ШТАММ ГРИБА ASPERGILLUS NIGER - ПРОДУЦЕНТ ЛИМОННОЙ КИСЛОТЫ Российский патент 1997 года по МПК C12N1/14 C12P7/48 C12N1/14 C12R1/685 

Изобретение относится к микробиологической промышленности и касается получения штамма гриба Aspergillus niger продуцента лимонной кислоты для глубинного культивирования на мелассных средах. Селекционированный штамм Aspergillus niger F-678 обладает высокой активностью образования лимонной кислоты при глубинном культивировании на разбавленных и концентрированных по сахару мелассных средах, продуцируя до 10,9 кг/м³ в сутки лимонной кислоты. При этом выход лимонной кислоты от редуцирующих веществ достигает 90,1%
Известен штамм гриба Aspergillus niger CCF-1599, селекционированный чехословацкими исследователями и способный в условиях глубинного культивирования на средах, содержащих 10 20% сахарного субстрата, в течение 5 7 сут ферментации синтезировать до 75% лимонной кислоты от введенного сахара.

Недостатком штамма CCF-1599 является его низкая промышленная эффективность [1]
Технико-экономические показатели известных штаммов, применяемых в странах СНГ в условиях производства лимонной кислоты методом глубинного культивирования, представлены в табл. 1.

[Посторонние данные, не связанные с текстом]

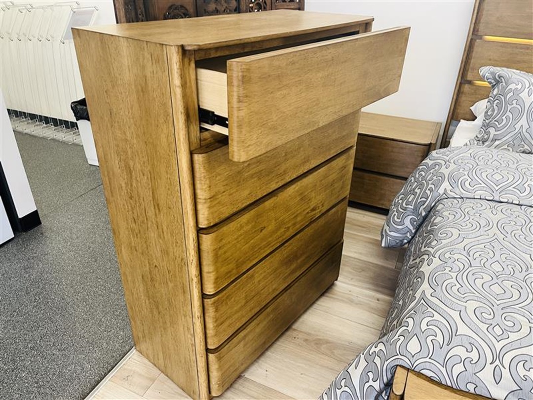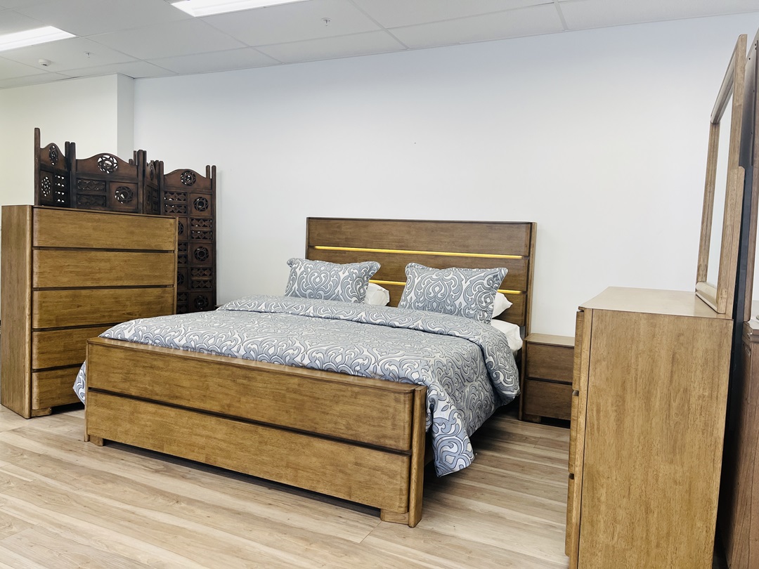 Crafted from premium golden oak timber, this elegant 5-piece suite includes a king bed with integrated LED lights, matching bedsides, tallboy, and dresser. The natural oak finish adds warmth and sophistication to any bedroom

Недостатком этих штаммов является короткая продолжительность периода активного кислотообразования, высокий расход сырья и низкий выход кислоты от сахара [2 4]
Наиболее близким к предлагаемому по технической сущности и достигаемому положительному эффекту является штамм гриба Aspergillus niger ВКПМ F-326 - продуцент лимонной кислоты, обладающий высокой активностью образования лимонной кислоты при глубинном культивировании на разбавленных по сахару мелассных средах, образуя до 9,9 кг/м³ в сутки лимонной кислоты. При этом выход от редуцирующих веществ составляет 88,2% Однако по технико-экономическим показателям прототип уступает новому штамму [4]
Целью изобретения является получение нового универсального штамма, имеющего более высокую активность по образованию лимонной кислоты как в условиях коротких циклов, так и при длительной ферментации разбавленных и концентрированных по сахару мелассных сред.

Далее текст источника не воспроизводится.